If the Triple Entente lost WWI

  • Britain would have been the most revanchist of the three

    Votes: 1 100.0%
  • Russia would have been the most revanchist of the three

    Votes: 0 0.0%
  • France would have been the most revanchist of the three

    Votes: 0 0.0%

  • Total voters
    1

raharris1973

Well-known member
There is a what I think is a "trope" in popular alternate history imaginings and speculations, written into a few different novels, and games or game settings like GURPS alternate earths, where if Germany wins WWI, it inverts Germany and France in the postwar years, France instead of Germany, becomes a right-wing, maybe Fascist, Revanchist power (maybe under DeGaulle, maybe under somebody who was a Fascist/quasi-Fascist politician in real-life), come up with a military doctrinal equivalent of blitzkrieg, I once read it as guerre eclair (yum!) and starts the timeline's alternate WWII.

I guess the thinking behind this is that France and Germany are easily mirror-image inversions of each other other's politics taking turns at revenge, Russia is doing its own weird thing with Socialism/Communism, and Britain is just too democratic, level-headed and cool as a cucumber to ever get reckless and revanchist.

I don't buy it.

Even as an exercise in mirroring France and Germany, Germany quit after losing two wars in a row. Here, France would have lost two wars in a row (Franco-Prussian and WWI), and if you're counting only ones that had a German/Prussian front, three in a row (the Napoleonic Wars, at least the final one).

And only a funhouse mirror can make France as big as Germany in the economy, industry, population, coal energy reserves.

Germany's revanchist drive in OTL (our timeline, real history) came from two sources, yes, rage at being cut down to size, but also confidence it really had been winning, certainly was at the edge of winning, a feeling of power. After a WWI defeat, either early in the war, 1914-ish, the middle, or late, after exhaustion, France may have the rage, but not the underlying confidence and sense of power for a comeback.

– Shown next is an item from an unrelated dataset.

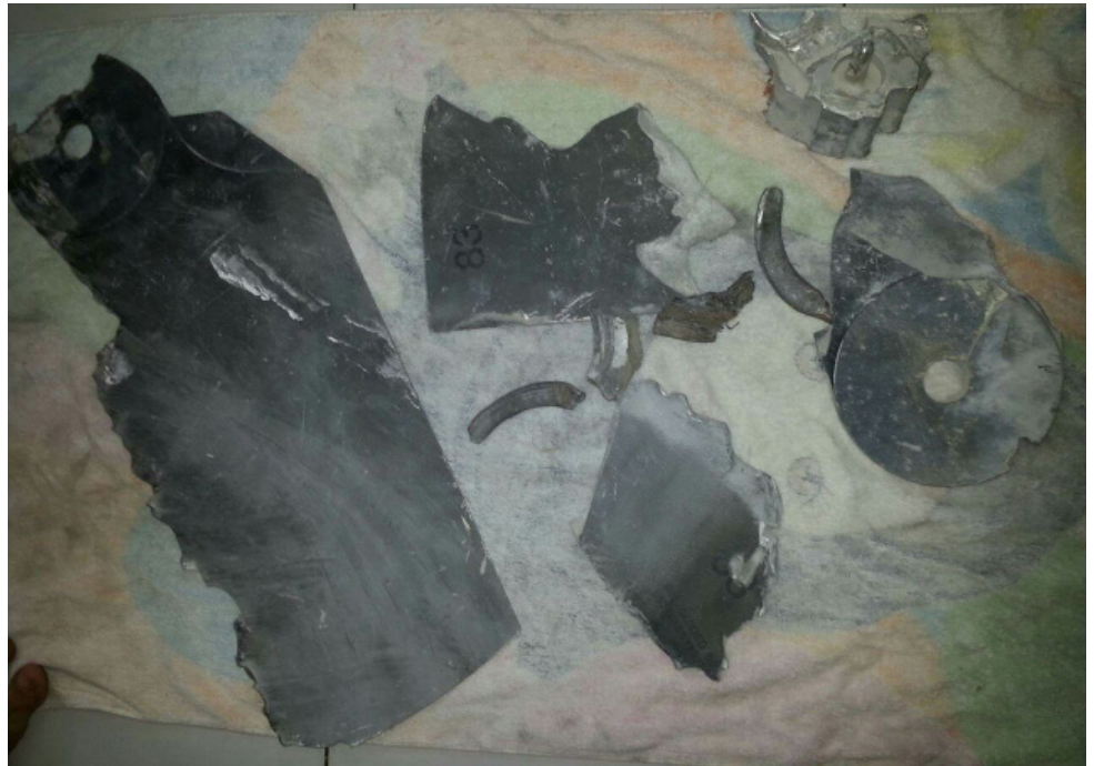
Remnants of a likely US-made Mk-83 warhead recovered at the scene of the attack on Al-Honood residential neighborhood.

Going into the war in 1914 indeed the least was expected out of France out of the Triple Entente powers, both the Russian Empire and Britain were considered more formidable, and both of them could have more plausibly felt the sense of power and entitlement, in addition to anger about defeat, to lead to support for revanchist policies.

But the Russians had internal social divisions a mile long, and followed their WWI losses with a Civil War and famine equally bad. They had a harder time bouncing back and were highly unlikely to produce a Hitler-ish revanchist by the 30s or 40s.

Notably, it was the strongest, and relatively most intact, of the defeat Central Powers, Germany, that had the strongest revanchism and led the revanchist pack.

Britain would have been Germany's opposite number in Entente camp. The most industrial, the most technological, the strongest, the one most accustomed to success and least accustomed to failure abroad. It's true even in a "lost" Great War, Britain would not have been invaded, would not have lost any home island territories at all, and quite probably not lost any colonial territories or protectorates to any of its Central Powers foes. Nor would it be disarmed or compelled to pay indemnities (except perhaps in a disguised form of "payment for upkeep and support of British Empire PoWs until their safe return home"). In that respect Britain would be more fortunate than Germany and have less to rage about.

A German/CP victory in Europe would be recognized as Britain's defeat nonetheless, with defeat measured in other ways. Defeat measured in loss of allies, loss of status, loss of military formidability for having tried to intervene on the continent at great cost and been defeated anyway, loss of naval formidability or the ability of surface seapower or blockade to be decisively war-winning. Defeat measured possibly in having to return some captured German colonies back to Germany. The scale and sense of Britain's defeat would defend on the scale of total battle deaths before the fighting is over, whether the final battles include any actual outs or overrunning of British lines or big pockets of batches of British troops as PoWs out of proportion to the #s of Germans the British hold.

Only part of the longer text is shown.